How to complete this task —
Return all the entries word for word, minus the pictures.

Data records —
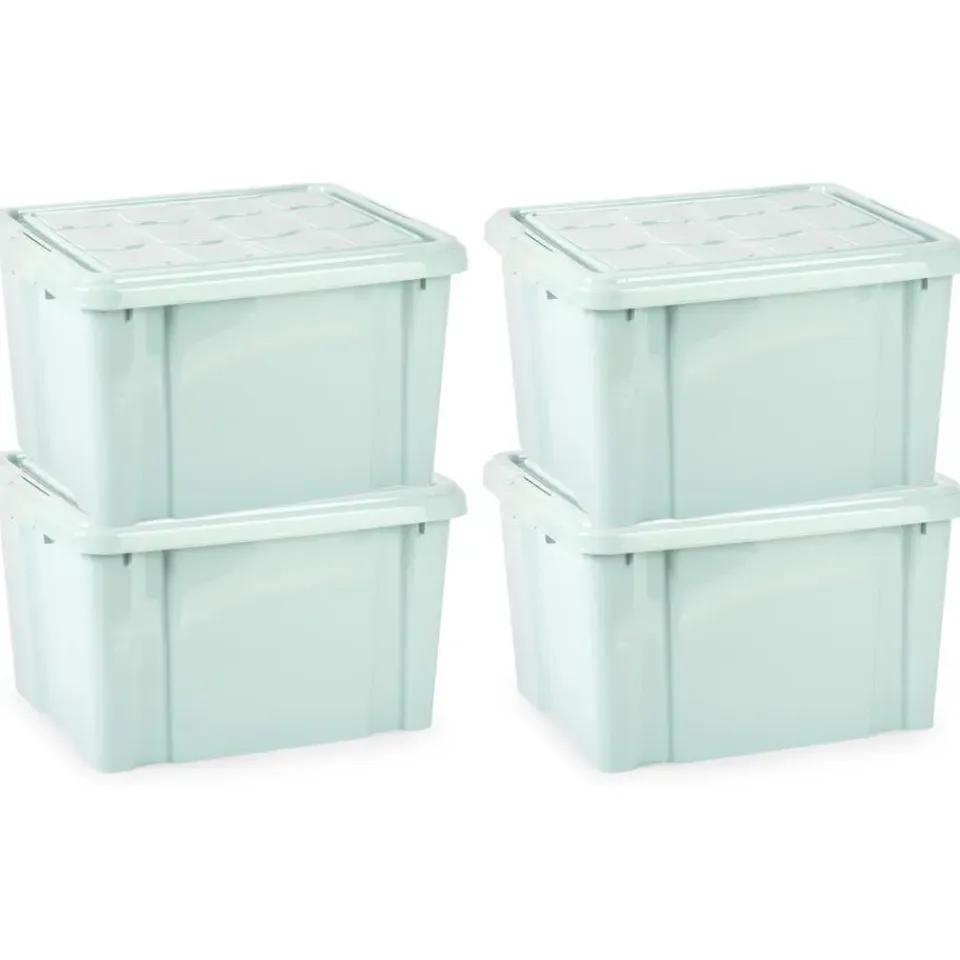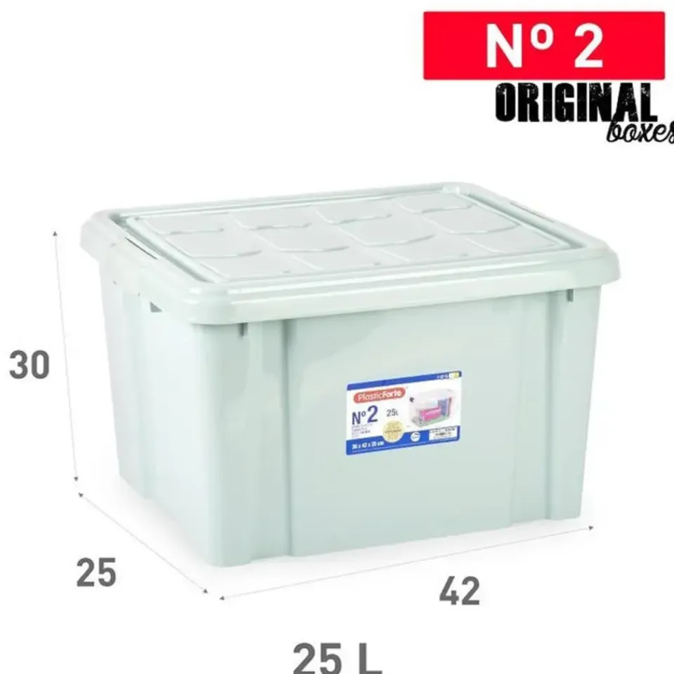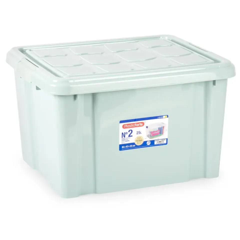 Opslagbox/kist met zijklem deksel met een inhoud van 25 liter. De opslagbox / opbergbox is in de kleur mintgroen en is gemaakt van stevig kunststof. Afmetingen: 42 x 25 x 30 cm. Handige spullen/kleding/speelgoed/gereedschap/kerstartikelen bewaar box. Stapelbaar en nestbaar bij meerdere stuks. Merk: Plasticforte.
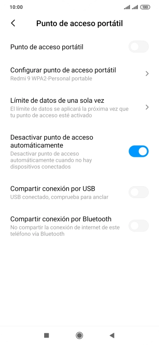 Pulsa el indicador junto a "Punto de acceso portátil" para activar la función.
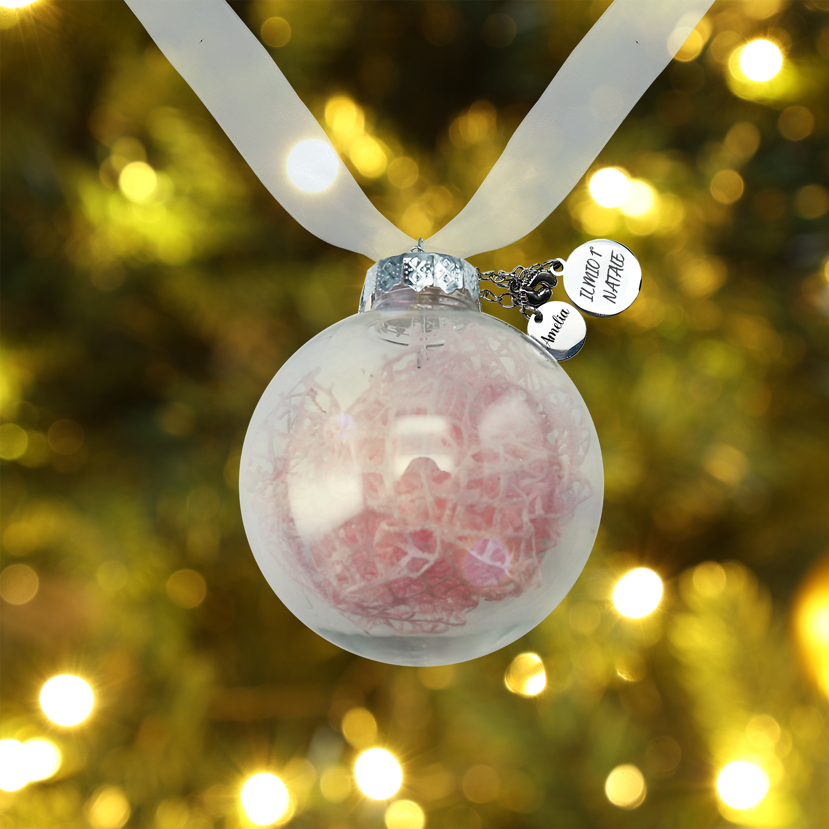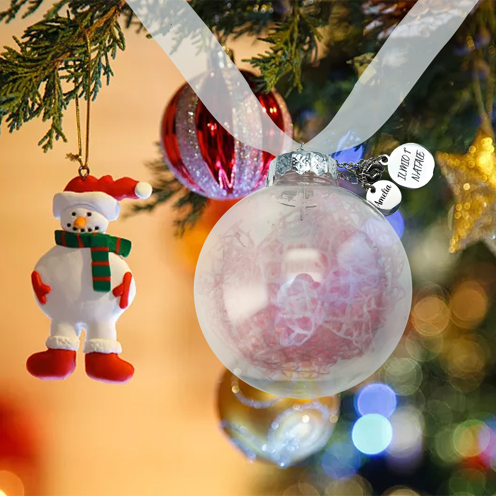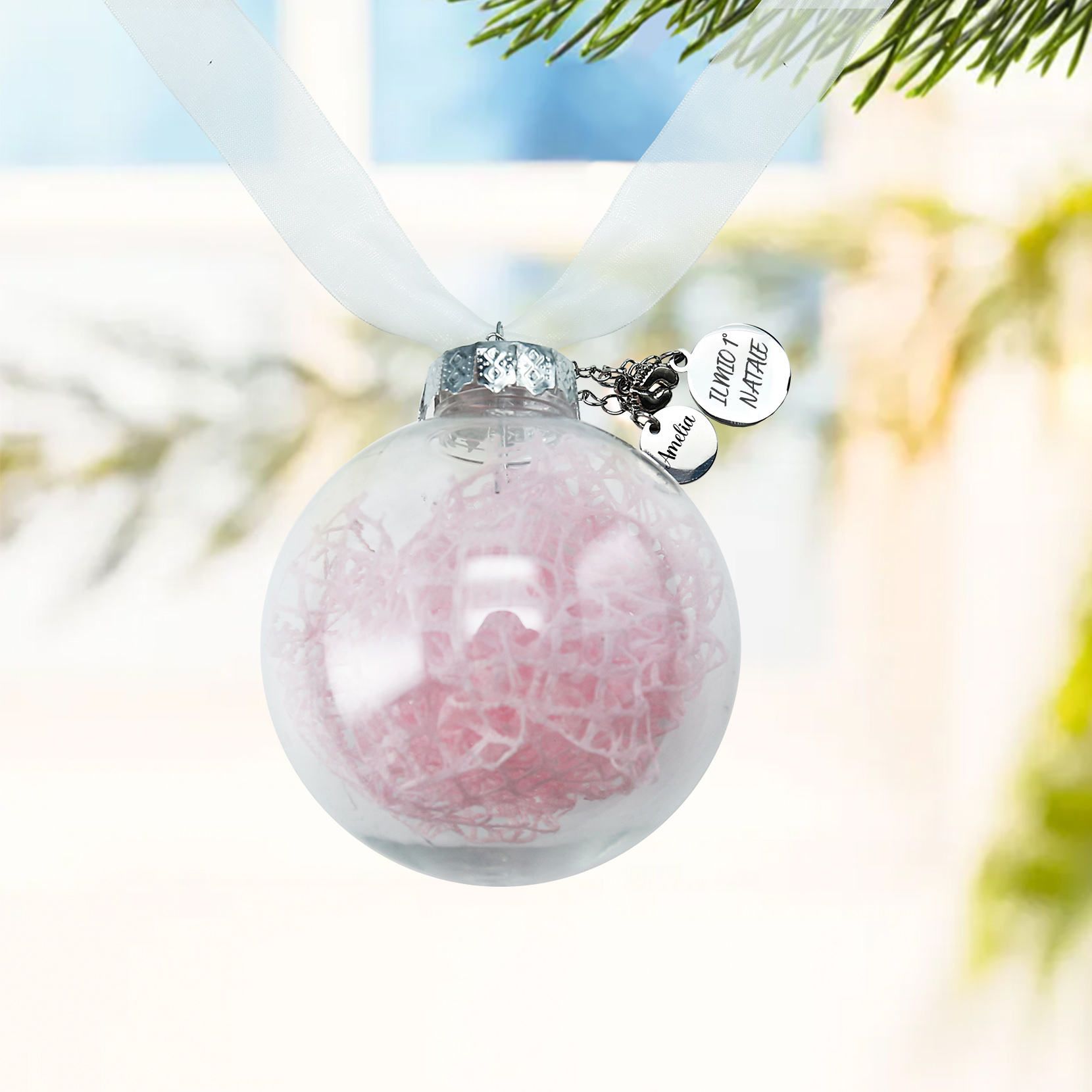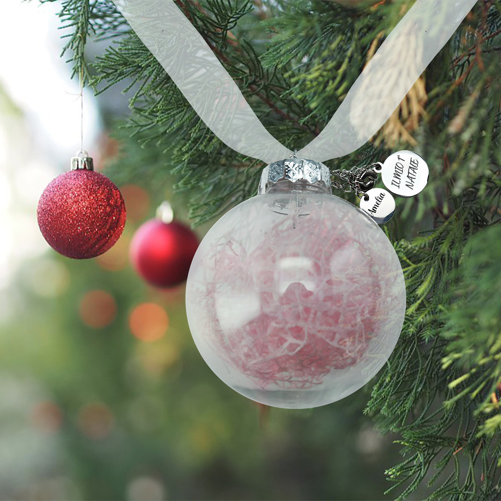 Primo Natale della bambina-Decorazione natalizia ciondolo familiare 1 nome personalizzabile
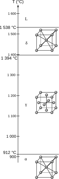 À basse température, l'acier est biphasé à l'état stable : il est composé de cristaux de fer avec du carbone en solution solide (structure ferritique ou α), et de cristaux de carbures de fer Fe3C. L'acier présente une transformation allotropique : il est cubique centré à basse température (ferrite α) et cubique à faces centrées à haute température (structure austénitique ou γ). Cette température de transformation dépend de la teneur en carbone ; ceci est représenté par la ligne A3 du diagramme binaire fer-carbone. La trempe des aciers comporte donc un chauffage jusqu’au-delà de la température d'austénitisation, un maintien à cette température pendant le temps nécessaire à la transformation de toute la masse suivi d'un refroidissement à une température déterminée en vue d'éviter le retour à une structure d'équilibre.
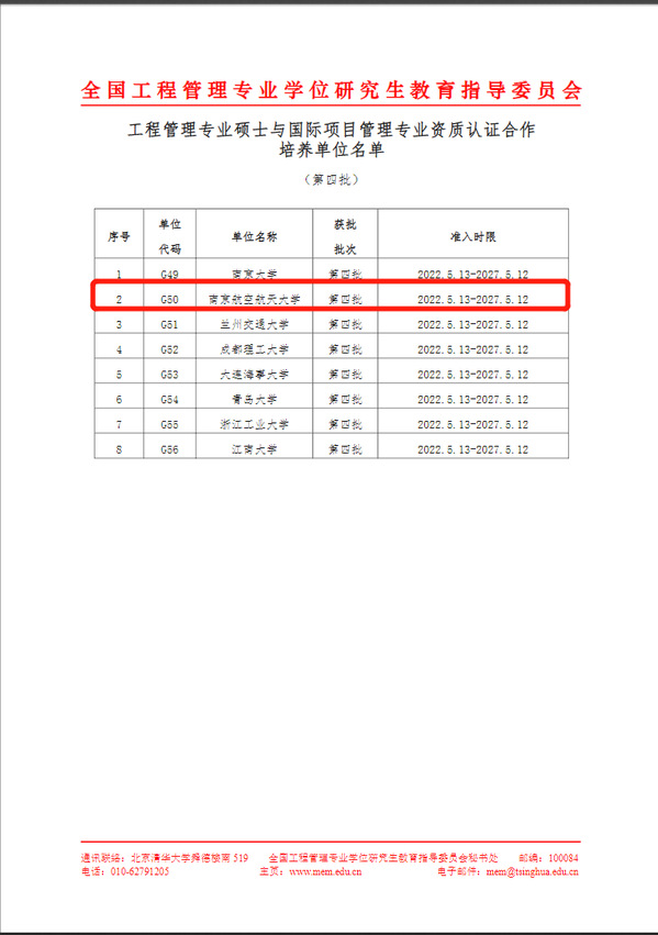我校将根据合作实施细则在合作有效期(五年)内开展认证工作,并及时总结经验,不断提高工程管理硕士培养质量。

Response to the task —
 Opslagbox/kist met zijklem deksel met een inhoud van 25 liter. De opslagbox / opbergbox is in de kleur mintgroen en is gemaakt van stevig kunststof. Afmetingen: 42 x 25 x 30 cm. Handige spullen/kleding/speelgoed/gereedschap/kerstartikelen bewaar box. Stapelbaar en nestbaar bij meerdere stuks. Merk: Plasticforte.
 Pulsa el indicador junto a "Punto de acceso portátil" para activar la función.
 Primo Natale della bambina-Decorazione natalizia ciondolo familiare 1 nome personalizzabile
 À basse température, l'acier est biphasé à l'état stable : il est composé de cristaux de fer avec du carbone en solution solide (structure ferritique ou α), et de cristaux de carbures de fer Fe3C. L'acier présente une transformation allotropique : il est cubique centré à basse température (ferrite α) et cubique à faces centrées à haute température (structure austénitique ou γ). Cette température de transformation dépend de la teneur en carbone ; ceci est représenté par la ligne A3 du diagramme binaire fer-carbone. La trempe des aciers comporte donc un chauffage jusqu’au-delà de la température d'austénitisation, un maintien à cette température pendant le temps nécessaire à la transformation de toute la masse suivi d'un refroidissement à une température déterminée en vue d'éviter le retour à une structure d'équilibre.
我校将根据合作实施细则在合作有效期(五年)内开展认证工作,并及时总结经验,不断提高工程管理硕士培养质量。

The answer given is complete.